Business

Numbers fizz at electrical wholesaler Westbank as sales top £120m

Belfast-based group reports 22% spark in turnover in the year to August 2023

Specialist retailer Park Electrical Services in Belfast
Westbank Group, which owns specialist retailer Park Electrical Services in Belfast, saw its sales soar by 22% to more than £120m in the year to August 2023, its latest accounts show

Belfast-based wholesaling and retailing electrical specialist Westbank Group has seen its numbers fizz in the last year, in which it reported double-digit percentage growth in both sales and profits.

The company, established 50 years ago by Jim McConachie (78), who remains one of its directors, owns Park Electrical Services (PES), the UK’s fastest growing power, control and automation technical distributor.

Accounts freshly filed at companies House show that Westbank’s turnover sparked by 22%, rising from £94.5 million to £120.4 million in the year to August 31 last.

Bottom-line profit soared from £7.6m to £10.3m, and the group’s net asset now sit at £10.5m.

The accounts show that 13% of Westbank’s sales now come in markets outside the UK, which includes £15.7m worth of trade in the US (up from £11.9m a year earlier).

Westbank, whose registered office is in the Harbour Estate, is the holding company for a group of wholesaling and retailing electrical component companies operating in the UK and Ireland.

Over the year its average staff numbers were 206, up slightly on 2022, and its wages bill over the period rose from £8.5m to just shy of £10m.

During the trading year Westbank acquired 100% of the share capital in PES Group (formerly Maintest Engineering). Prior to this it held just a 50% share.
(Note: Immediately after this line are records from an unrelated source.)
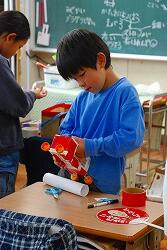 今回の授業は、2年生生活科「おもちゃ作り」の単元で,子どもたちは「0人のリレーで廊下80mを60秒以内にゴールする車を作る」という目標に挑戦しました。
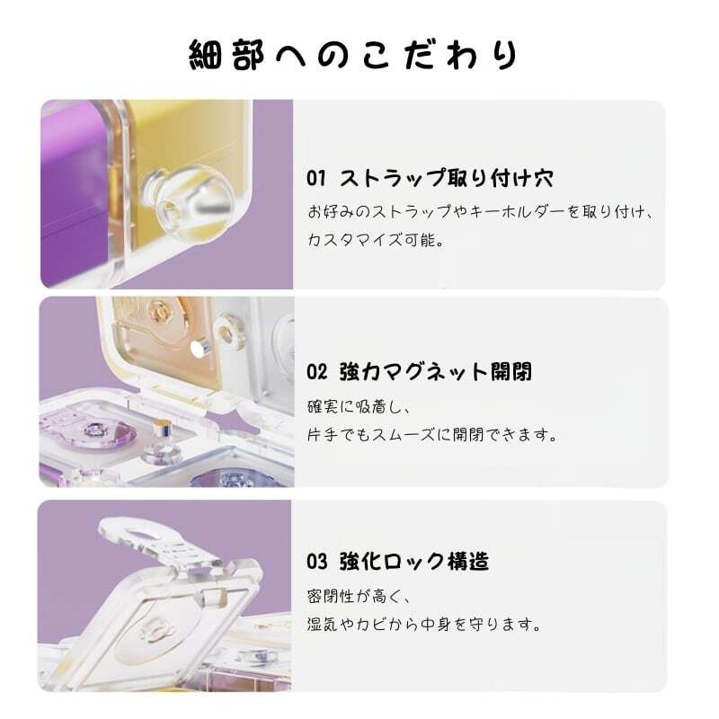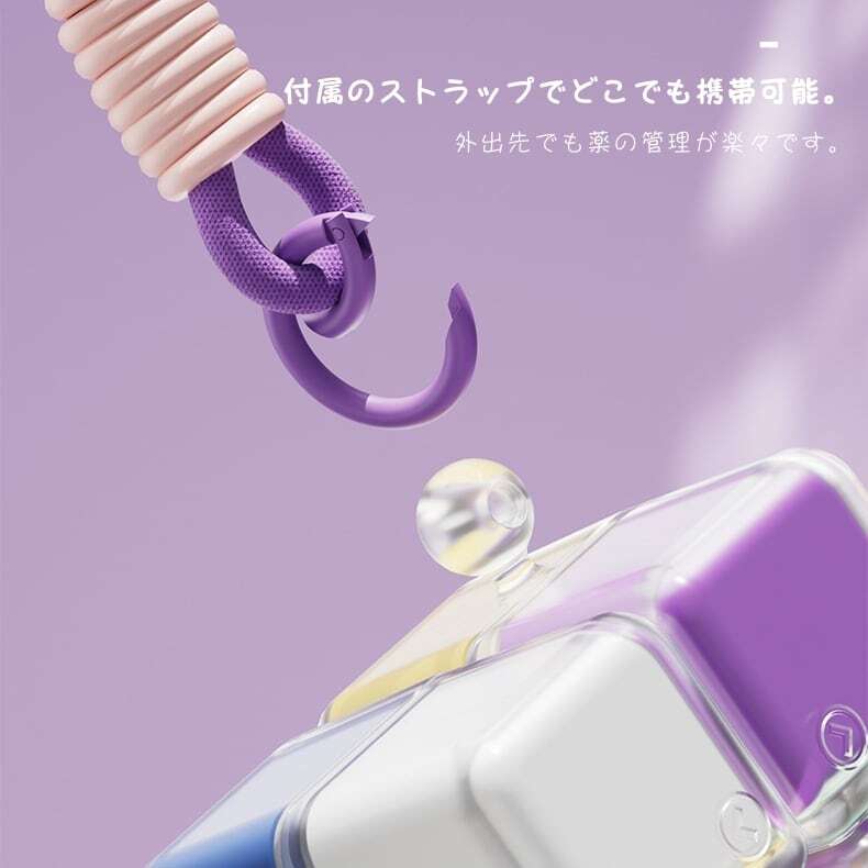 マグネット開閉と高い密閉性で鮮度を守り、付属のストラップで鞄や手首にぶら下げて、外出先でも忘れずに服用できます。
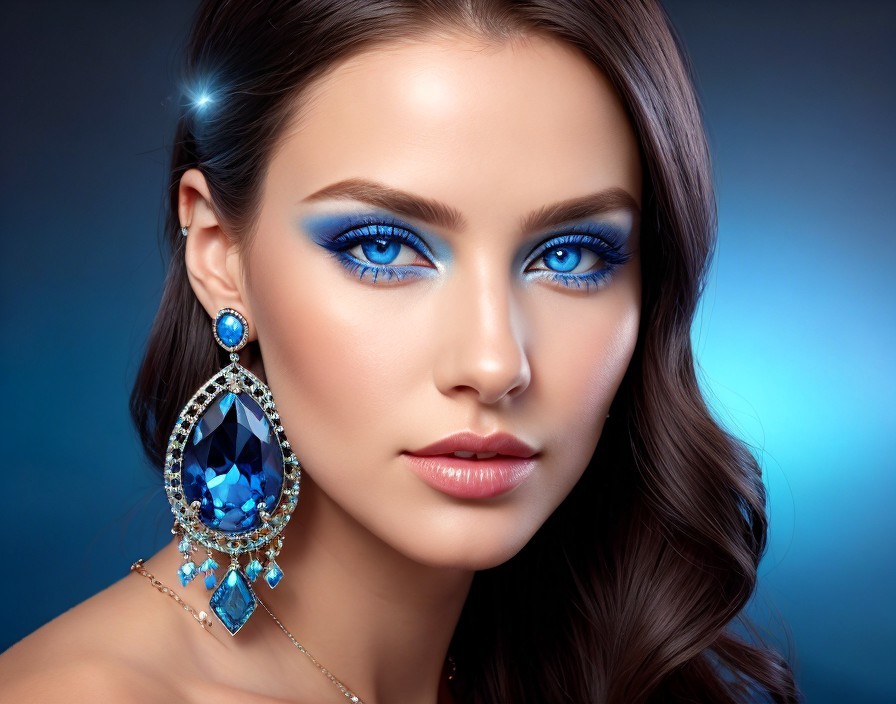 A woman with striking blue eyes, matching makeup, and elegant sapphire jewelry against a blue background.
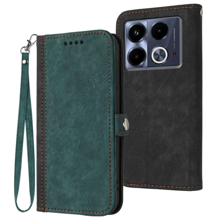 Pour Infinix Note 40 4G Étui de téléphone en cuir avec dragonne à double pli et boucle latérale (vert foncé)

Park Electrical Services (PES) is one of Ireland’s leading suppliers of power, control and automation products.



Trading since 1979, it is a product of Northern Ireland’s long history of creative thinking and engineering excellence and has developed partnerships with world leading suppliers like Siemens, Finder, Weidmuller, Eldon, Carlo Gavazzi and PR.

Meanwhile separate figures show that the UK’s manufacturing sector sprung back into growth in May as levels of production surged and business optimism hit a more than two-year high.

The closely watched S&P Global/CIPS UK manufacturing PMI survey rose to 51.2 in May, after falling back to 49.1 in the previous month.

Any reading above 50 means a sector is in growth, while a score below this means it is contracting.

Production expanded at the quickest rate since April 2022, with consumer, intermediate and investment goods registering expansions.

Firms said they were getting more new work than in previous months, while they also reported renewed efforts to complete existing contracts.